Loving this quote from Barbra Streisand,
“I’ve been called many names like perfectionist, difficult and obsessive. I think it takes obsession, takes searching for the details, for any artist to be good.”
Do I agree with it? Do I agree with it when applied to running your own agency business? Well, yes and no.
Yes, perfectionist.
Yes, difficult.
Yes, obsessive.
But also, no.
One side of running a great agency is not settling for second best. Not being happy with good enough.
This all reminds me of the George Bernard Shaw quote,
“The reasonable man adapts himself to the world; the unreasonable one persists in trying to adapt the world to himself. Therefore, all progress depends on the unreasonable man.”
Yes, you need to strive and yes, you need to push the boundaries.
However, these attributes – perfectionist, difficult, obsessive – just in case these are characteristics you display or aspire to, can make you pretty difficult to live with.
There has to be a flip-side that they miss.

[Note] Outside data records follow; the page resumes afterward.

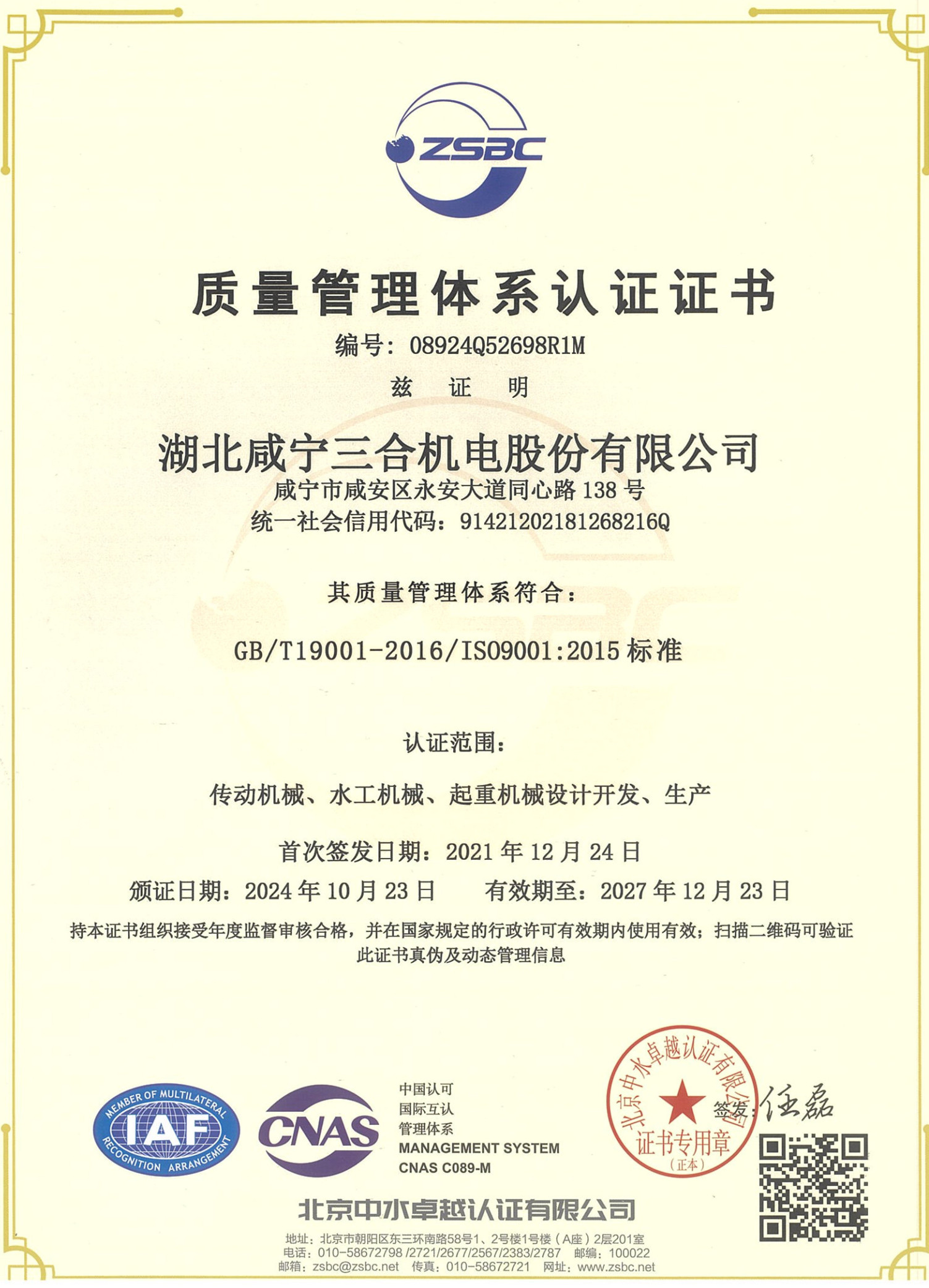 質(zhì)量管理體系認(rèn)證證書
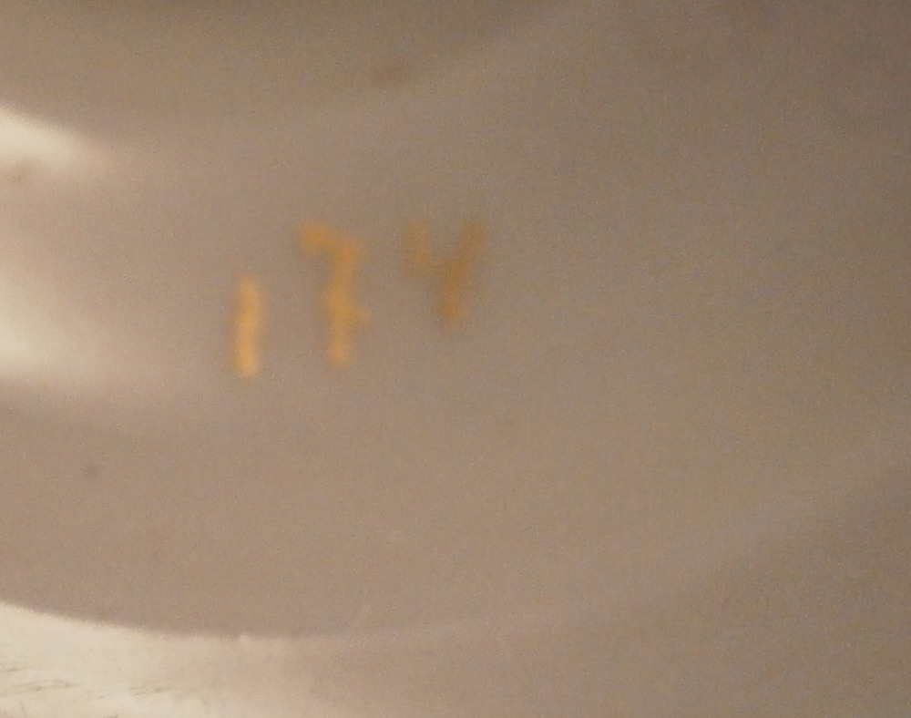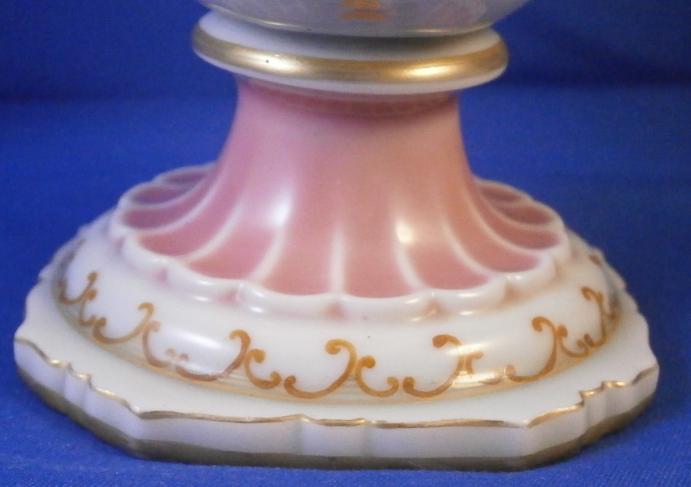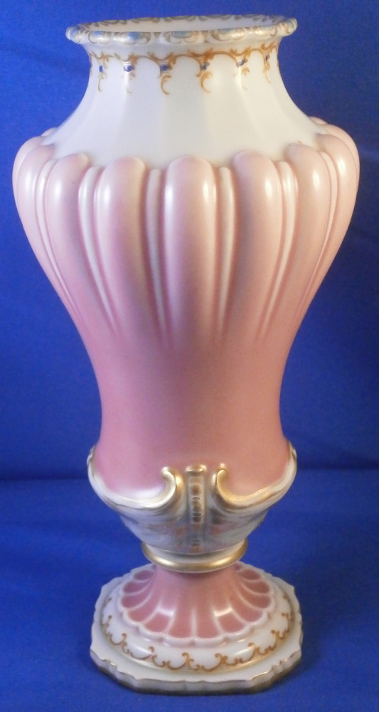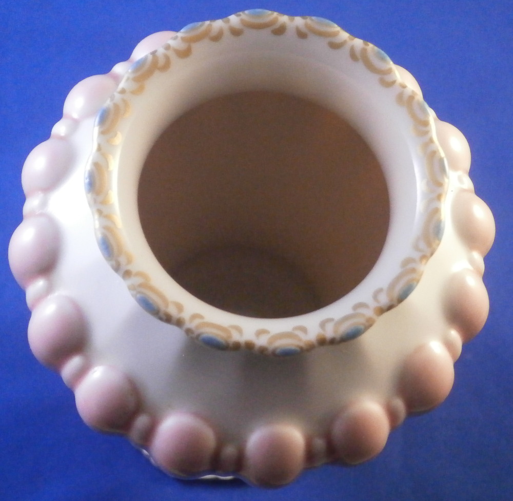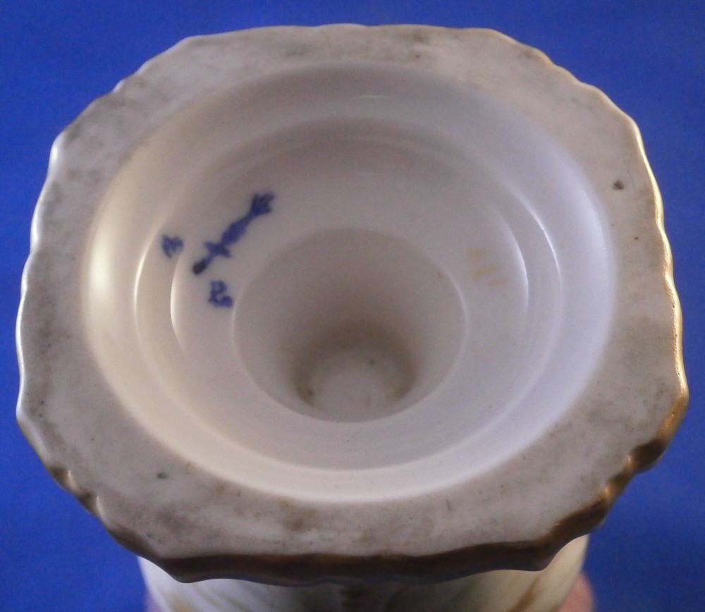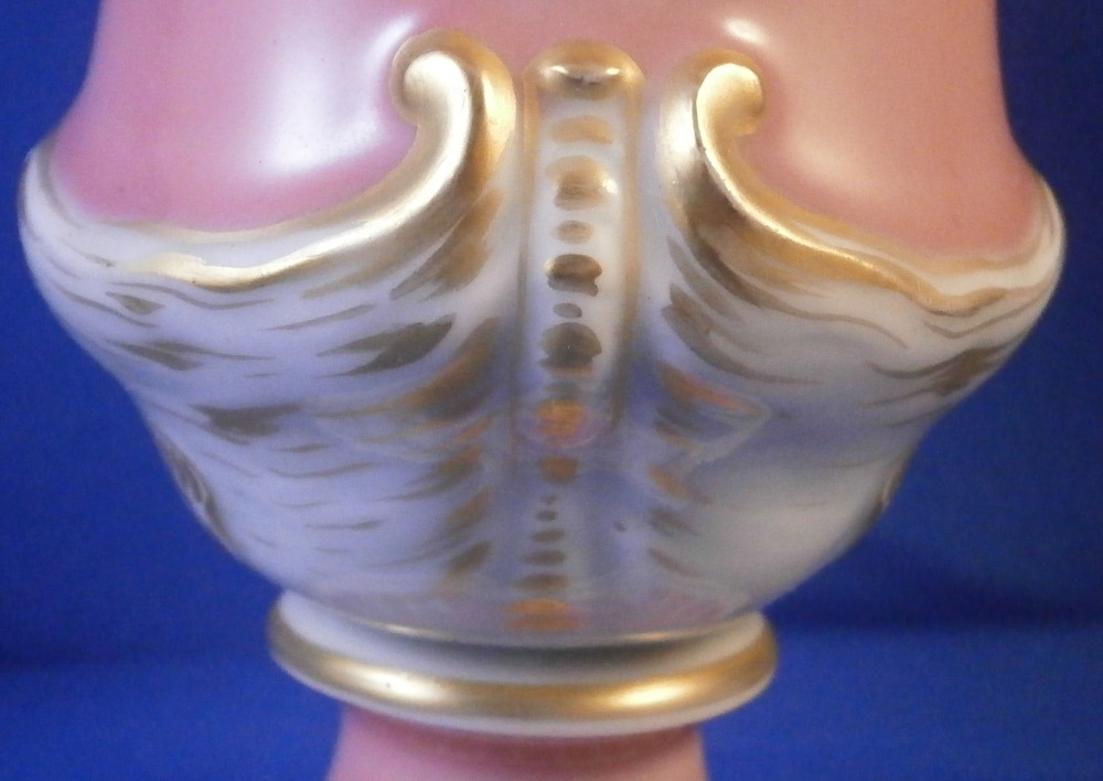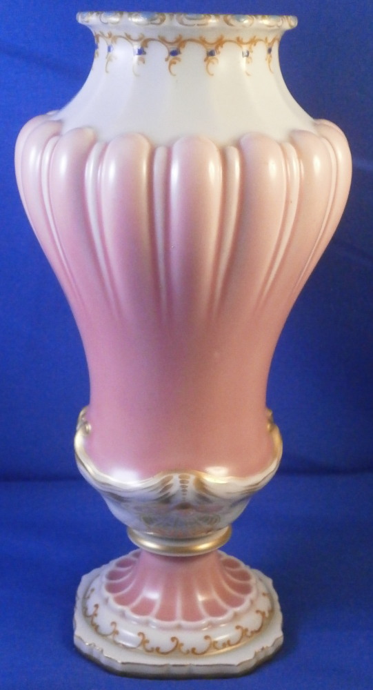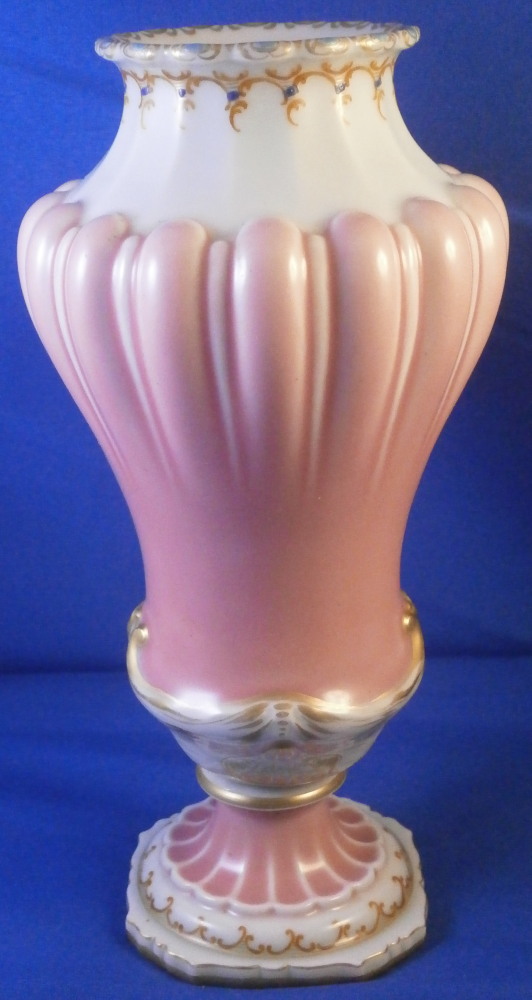 This is a second rare and beautiful vase made by KPM during the very early 20th century. It is one of their Seger porcelain pieces which are quite hard to find! Here we have a nicely shaped piece that has raised panels of pink ground with a scroll work base to the main body of a bluish tinted but mainly white ground with gold highlights. The top of the vase has that same ground color to it with an orange trim design with little blue "jewels" and a gold trim to the very edge with turquoise "jewels". These little jewels and cool ground colors are what Seger porcelain is all about. The foot of the vase has a pink design to it as well as orange trim to the bluish tinted white ground and a gold trim to the bottom edge. It's an awesome piece that you won't find again - except for me having a second matching one if you are itnerested in a pair. Il have it up on the site as well. The vase is in superb condition with maybe a spot of very minimal wear but it displays perfectly and looks stunning! The vase is marked with the under glaze blue scepter mark with the SgPr letters under it which are partially missing, as well as the usual impressed numbers and a gold number 174 as shown. The piece is just under 7.5 inches tall and it has a diameter of 3.5 inches. Please email me for more information or other pictures.
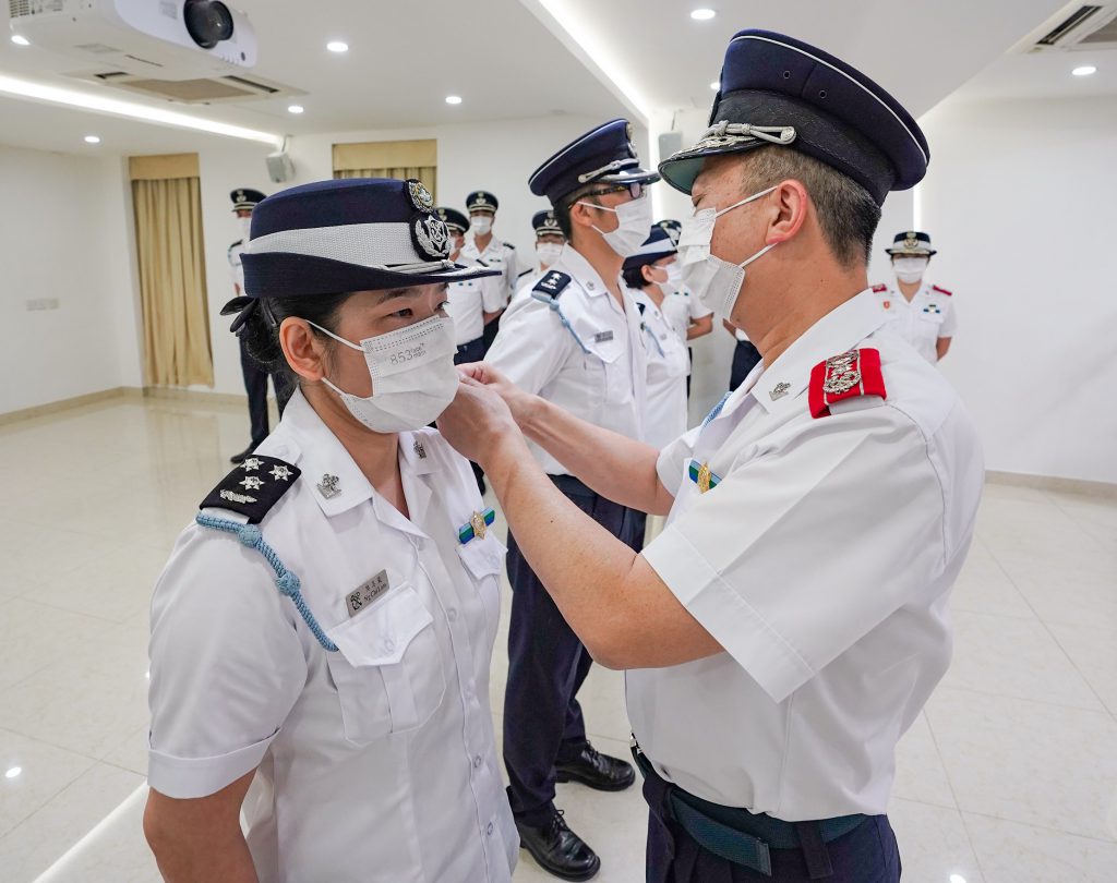 Após o juramento do pessoal promovido, o Director-geral, Vong Man Chong, colocou-lhes as novas platinas, os promovidos tomaram oficialmente posse de inspector alfandegário. Na utilização das palavras, o Director-geral, Vong Man Chong, elogiou as capacidades e o desempenho de cada um dos promovidos, desejando que os 3 venham a liderar os subordinados para avançar em conjunto mesmo com as dificuldades, e servindo bem os cidadãos com toda a disponibilidade e responsabilidade e com um espírito prudente e profissional.

A yin to their yang. The capacity to step back and see the bigger picture. The capacity to see things from the point of view of the customer, to understand what is important to them. The ability to deliver on time, to specification.
What is clear to me is that your agency does need two characters (ideally two people) running it: the visionary (extrovert, strategist, blue-skies, big-picture thinker) and an implementer or integrator (making stuff happen when and where and how it was scheduled).
The side of obsession I struggle with is when it turns from perfectionist and difficult to downright obnoxious, thick-skinned, selfish and win-at-all-cost.
Put simply, I do not believe you need to be a total and utter sh*t to be successful. After all, success, for most of us, is not simply about valuation on exit. If it were, we’d be in banking.